Saturday, November 16, 2019 at 7:30pm | Thousand Oaks Civic Arts Plaza | Thousand Oaks, CA
Sunday, November 17, 2019 at 3pm | Rancho Campana Performing Arts Center | Camarillo, CA
Tickets and more information available at www.newwestsymphony.org

Watch Jason Vieaux and Julien Labro Perform Pat Metheny’s Antonia: http://bit.ly/VieauxLabroWQXR

“The dynamic duo performed from one musical mind…perfectly in sync…a lot of fun” – Cleveland Classical

www.jasonvieaux.com | www.julienlabro.com | www.michaelchristieonline.com

(THOUSAND OAKS and CAMARILLO, Calif. – Nov. 5, 2019) — On Saturday, November 16 and Sunday, November 17, 2019, Grammy-winning guitarist Jason Vieaux and internationally acclaimed composer, bandoneónist, and accordionist Julien Labro join forces to perform with New West Symphony, led by Music Director Michael Christie. As longtime collaborators, Vieaux and Labro have cultivated their creative musical partnership on stage and in the studio, breaking new musical ground with their 2016 album Infusion (Azica) and performing across the country. San Francisco Classical Voice reports, “Vieaux and Labro cannot disguise the joy they get out of playing together, a joy that makes their instrumental mastery that much more enjoyable to hear.”
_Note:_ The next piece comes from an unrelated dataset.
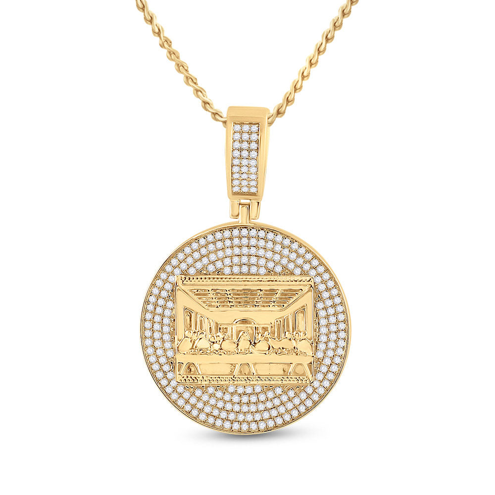 Keene Jewelers 14kt Yellow Gold Mens Round Diamond Last Supper Charm Pendant 3-1/4 Cttw

Vieaux and Labro will give the world premiere of Canvas, Labro’s concerto for bandoneón and guitar with string orchestra. Labro was commissioned by New West Symphony to write this new work to pair with his arrangement of Piazzolla’s The Four Seasons of Buenos Aires – which the duo will also perform.
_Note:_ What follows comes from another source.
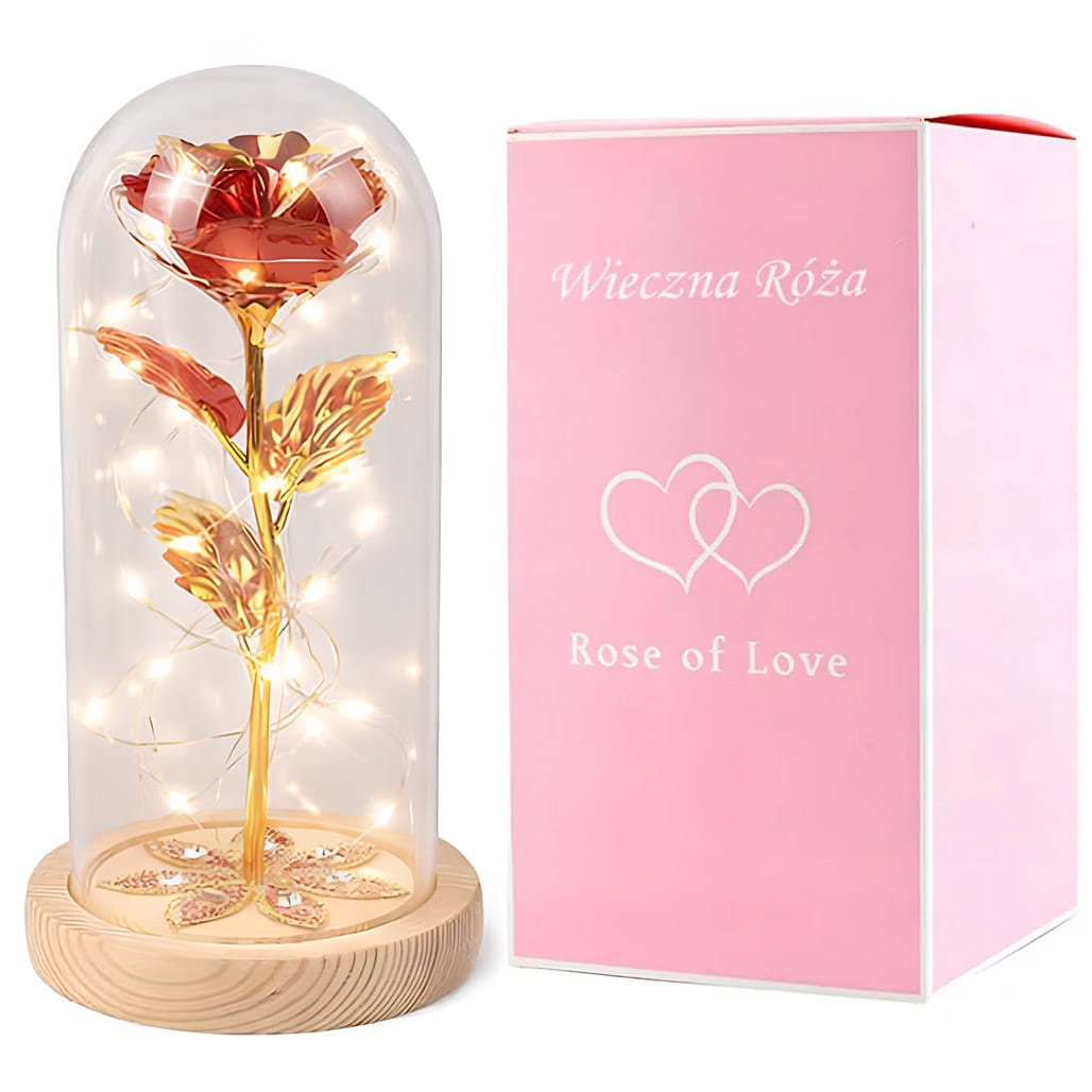 Wieczna róża LED na drewnianej podstawie to elegancka i ponadczasowa dekoracja, która zachwyca subtelnym blaskiem oraz starannym wykonaniem. Idealnie sprawdzi się jako prezent na Walentynki, rocznicę, urodziny lub jako symbol miłości wręczony bez okazji. Połączenie realistycznie wykonanej róży, transparentnej kopuły ochronnej oraz naturalnej drewnianej podstawy nadaje całości wyjątkowego, stylowego charakteru. Delikatne podświetlenie LED tworzy romantyczny klimat i podkreśla piękno kompozycji w każdym wnętrzu.

“As a musician and composer, I am inspired by the infinite possibility of sound and music, especially in an orchestral setting where each instrument is constantly contributing to an expanding number of possibilities,” Labro explains. “In addition to the instruments, the musicians create a second layer by bringing his/her interpretations and emotions to the written notes. What results is a beautiful intersection of sounds, textures, and emotions that transcend the written music. Canvas pays homage to this idea of sounds weaving together like the threads that come together to form a piece of canvas textile. The instruments and musicians interweave into a larger fabric of music that only exists when every instrument comes together.”

Vieaux will present a solo work, Devil’s Strum, written for him by Dan Visconti in 2010. Devil’s Strum is inspired by a commonly told myth surrounding American blues guitar playing, in which a man meets the Devil and strikes a bargain: in exchange for inhuman ability and charisma as a guitarist, the man signs over his eternal soul. Visconti explains, “In several versions of the myth, the central moment is when the Devil tunes up the doomed man’s guitar—the moment when the strings become awakened with unseen power and the man’s fate is sealed. This piece begins at just this moment—the moment of the Devil’s long fingers strumming the jangly strings— and proceeds as the instrument is literally tuned up, until ever faster and more virtuosic riffs drive the piece to its conclusion.” Devil’s Strum is the selected work for this concert cycle’s Entr’acte – New West Symphony’s new experience featuring a performance of a contemporary work to showcase a diverse array of composers during intermission.

Additional works on New West Symphony’s program, entitled “Trip the Light Fantastic,” include Bartók’s Romanian Folk Dances; Gabriela Lena Frank’s Leyendas: An Andean Walkabout; and Copland’s “Hoedown” from Rodeo – a fabulous rhythmic journey from Transylvania, through Argentina, to the American West.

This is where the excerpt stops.